W4SP Stealer se aproxima do repositório Python

PyPI ou Python Package Index é um enorme repositório de código e software escrito na linguagem de programação Python. Tal como acontece com todos os repositórios maciços de aplicativos e código, ocasionalmente algumas maçãs podres chegam lá despercebidas. O caso do malware ladrão W4SP é um deles.

O PyPI teve instâncias de aplicativos maliciosos se infiltrando na plataforma, apesar de sua boa curadoria. W4SP é um novo caso semelhante.

Um agente de ameaças invadiu o malware no PyPI vestindo-o como um pacote de código chamado "requests" - um pacote que está entre os mais baixados na plataforma. O pacote falso de "pedidos" copia a descrição do original palavra por palavra e até coloca o e-mail de contato do fabricante do pacote legítimo lá.

O pacote malicioso contém um script que despeja outro script em um novo arquivo e o executa. O pequeno script pega um downloader ofuscado de um URL na web.
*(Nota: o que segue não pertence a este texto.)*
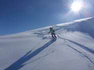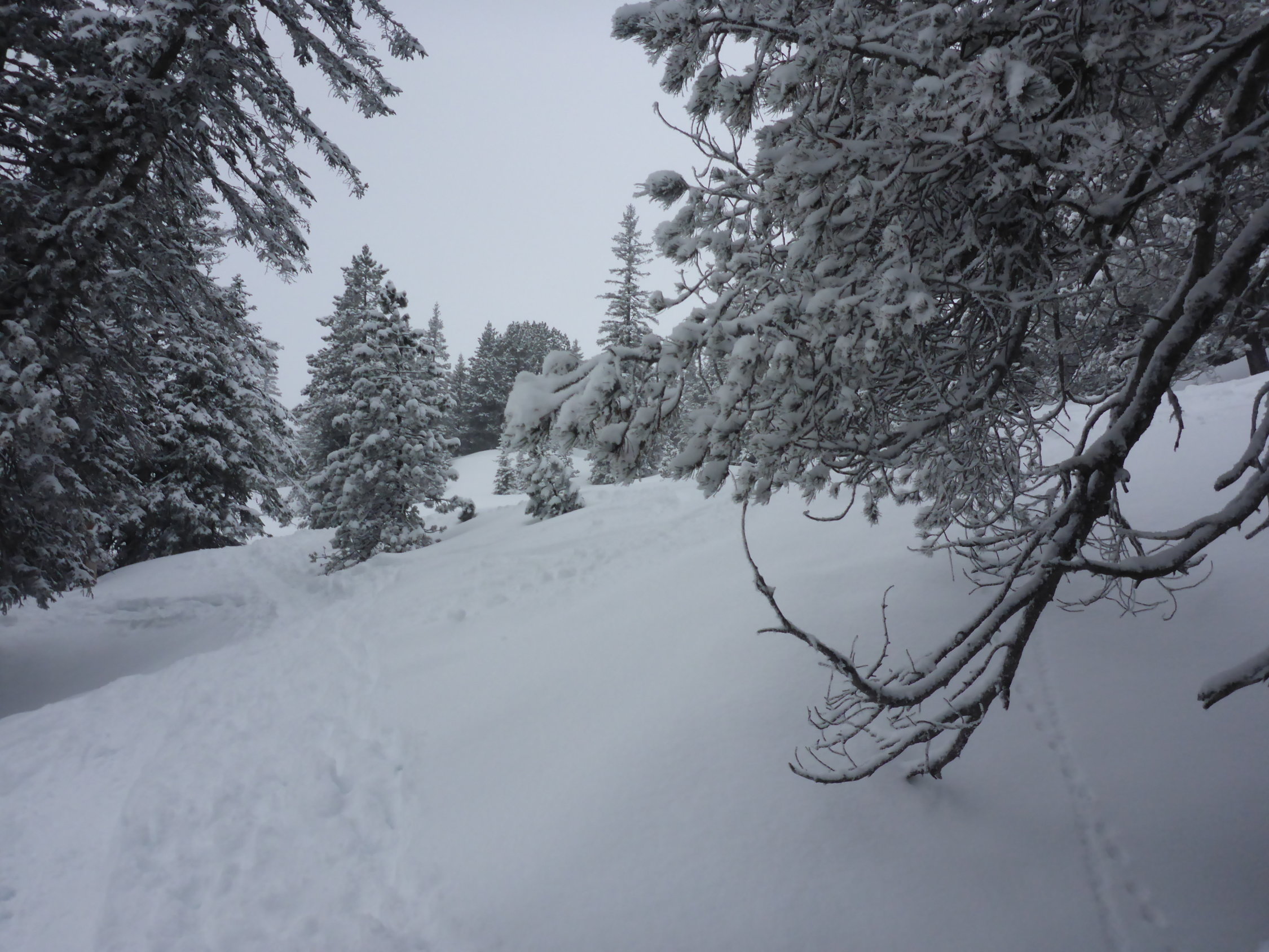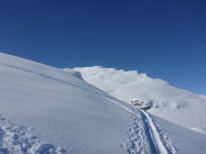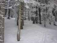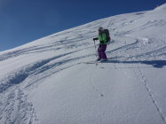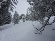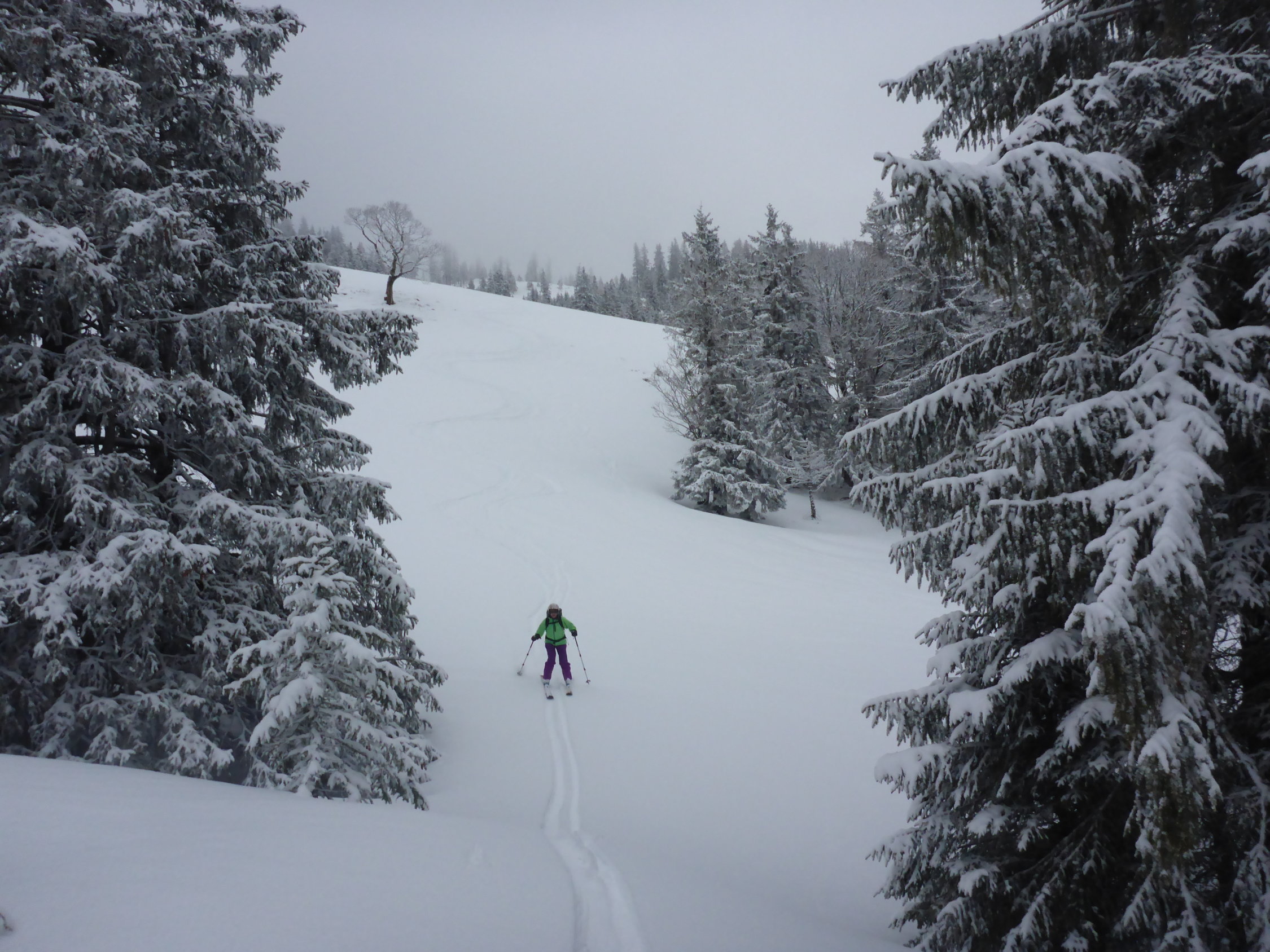 Angenehmer Aufstieg im Wald, herrlich die Stimmung im Moment. Oben dann Gipfel nicht gemacht und uns auf die Abfahrt konzentriert. Wunderbare erste Schwünge bei guter Sicht und Powder vom feinsten... Im Wald dann eher schwerer Schnee, aber alles gut drehbar. Es hat sich gelohnt durchzuhalten.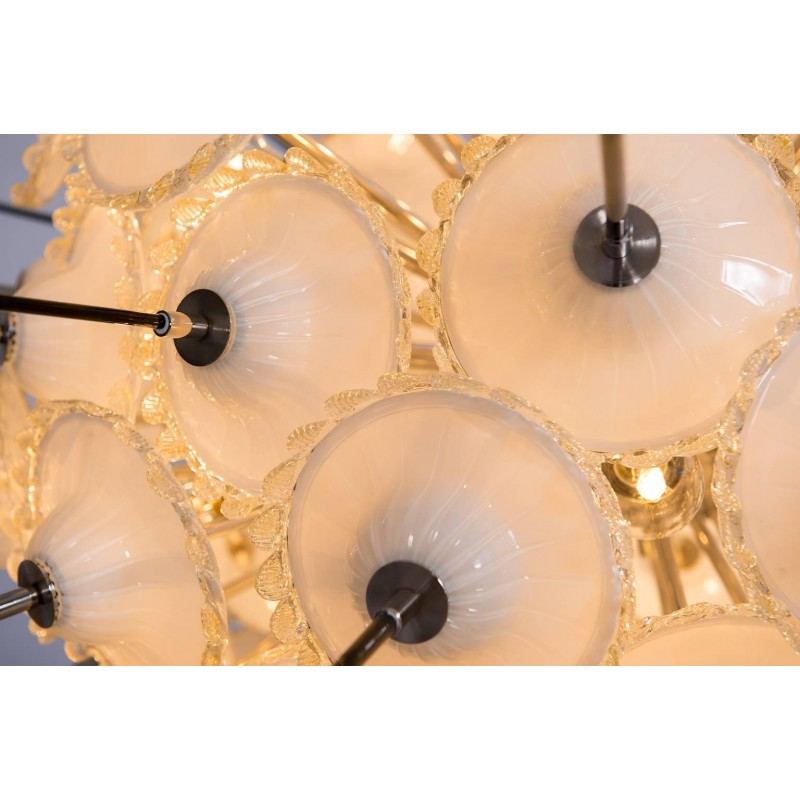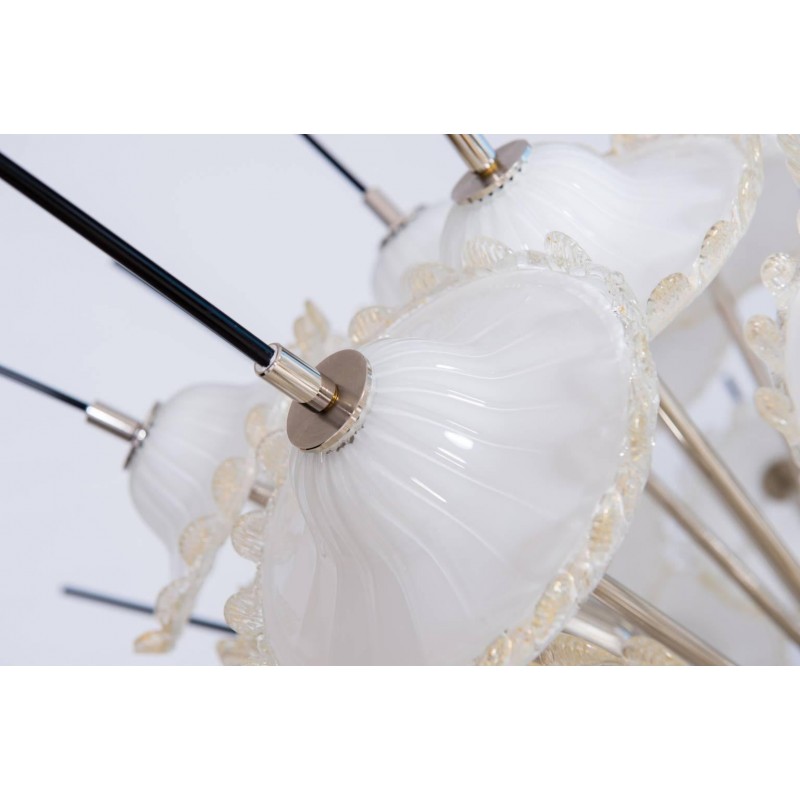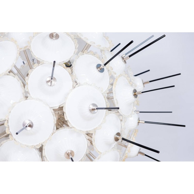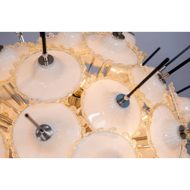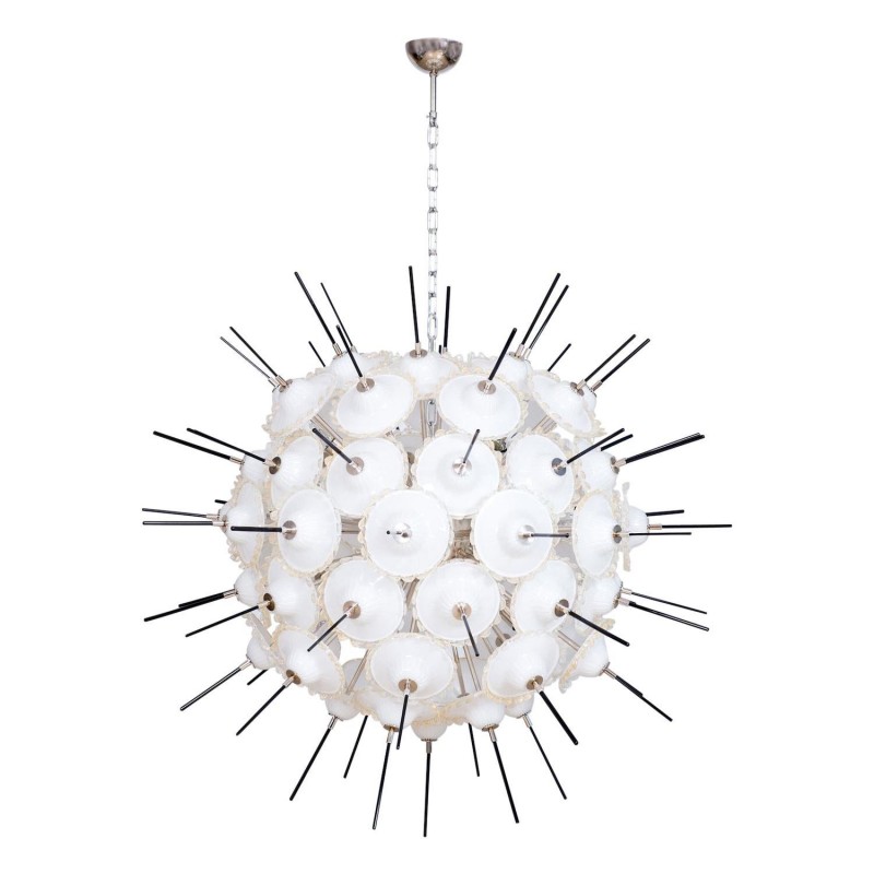 Imposing Sputnik Chandelier White Murano Glass and black elements 1970s Italy, Giovanni Dalla Fina production. Giant Sputnik chandelier in Murano glass is a masterpiece composed by milk color elegant cups with a 24-karat gold edge each. The outstanding decor elements are the black glass sticks decorating elements entirely in handcrafted Murano glass, located in each circular glass element. The masterpiece is a creation designed and manufactured by the artist Giovanni Dalla Fina, from 1970s in Art Deco. All elements are supported by a frame with twelve bulbs. The chandelier is in perfect conditions, as documented by the attached pictures. Currently, in the pictures, the flushmount is presented with a long simple chain, but different options are also available as chain colors and their decorations, as well with the opportunity to cover with a dedicated cloth all the chain length accordingly to your home decorations. Please, reach out us for any customized solution you would like to implement, we will more than happy to assist you in any request to enrich and make customizable for you the beauty of this masterpiece. It is part of the courtesy service the professional rewiring of the chandelier.

O downloader executa várias operações em algumas pastas do sistema, depois pega a carga útil final, coloca-a nessas pastas do sistema e a executa. A carga útil final no ataque do ladrão W4SP é um Trojan que também é ofuscado.

O ladrão do W4SP pode raspar e exfiltrar tokens do Discord e cookies do navegador, bem como raspar diretórios para uma lista de palavras-chave, na esperança de encontrar informações mais confidenciais.